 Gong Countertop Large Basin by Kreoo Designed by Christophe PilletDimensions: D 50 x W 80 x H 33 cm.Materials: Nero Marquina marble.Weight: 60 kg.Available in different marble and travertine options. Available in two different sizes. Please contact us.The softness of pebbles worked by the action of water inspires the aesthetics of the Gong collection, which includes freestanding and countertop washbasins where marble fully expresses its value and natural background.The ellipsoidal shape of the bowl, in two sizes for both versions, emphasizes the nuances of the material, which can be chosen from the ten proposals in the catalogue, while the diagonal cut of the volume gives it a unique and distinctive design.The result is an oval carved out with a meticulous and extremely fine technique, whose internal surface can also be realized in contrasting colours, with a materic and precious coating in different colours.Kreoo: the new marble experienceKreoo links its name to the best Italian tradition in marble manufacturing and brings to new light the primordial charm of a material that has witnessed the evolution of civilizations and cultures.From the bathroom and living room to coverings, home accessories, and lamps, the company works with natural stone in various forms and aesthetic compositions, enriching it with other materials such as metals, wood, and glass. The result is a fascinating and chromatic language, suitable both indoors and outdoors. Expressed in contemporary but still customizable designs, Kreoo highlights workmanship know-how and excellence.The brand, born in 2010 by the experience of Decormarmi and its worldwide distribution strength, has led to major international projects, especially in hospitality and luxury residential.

——————

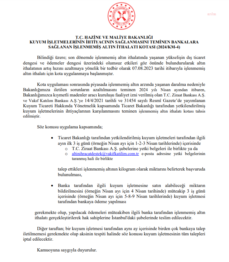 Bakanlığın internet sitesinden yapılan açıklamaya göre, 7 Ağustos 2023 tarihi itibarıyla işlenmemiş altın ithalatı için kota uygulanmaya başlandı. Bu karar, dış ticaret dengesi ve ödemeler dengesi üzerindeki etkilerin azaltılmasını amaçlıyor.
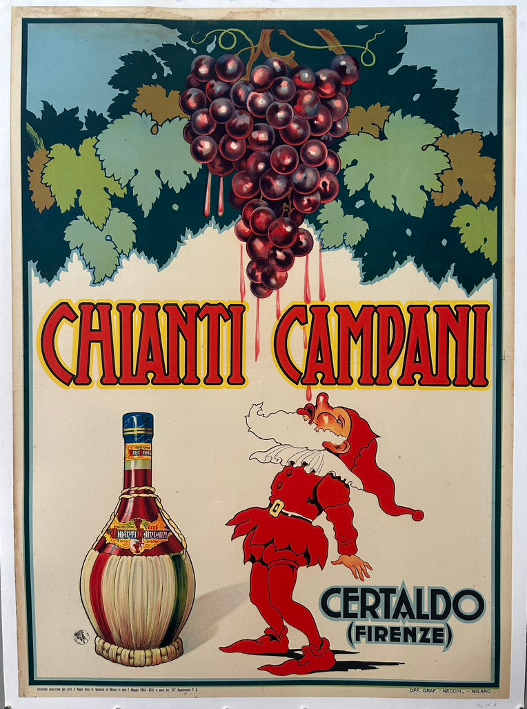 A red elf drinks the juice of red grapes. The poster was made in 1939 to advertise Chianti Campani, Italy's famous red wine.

——————

= Exercise instructions =
Would you copy, word for word, only the lines above from the one containing "Bakanlığın internet sitesinden" through the one containing "A red elf drinks", both included, and please leave out the pictures?

= Solution to the exercise =
 Bakanlığın internet sitesinden yapılan açıklamaya göre, 7 Ağustos 2023 tarihi itibarıyla işlenmemiş altın ithalatı için kota uygulanmaya başlandı. Bu karar, dış ticaret dengesi ve ödemeler dengesi üzerindeki etkilerin azaltılmasını amaçlıyor.
 A red elf drinks the juice of red grapes. The poster was made in 1939 to advertise Chianti Campani, Italy's famous red wine.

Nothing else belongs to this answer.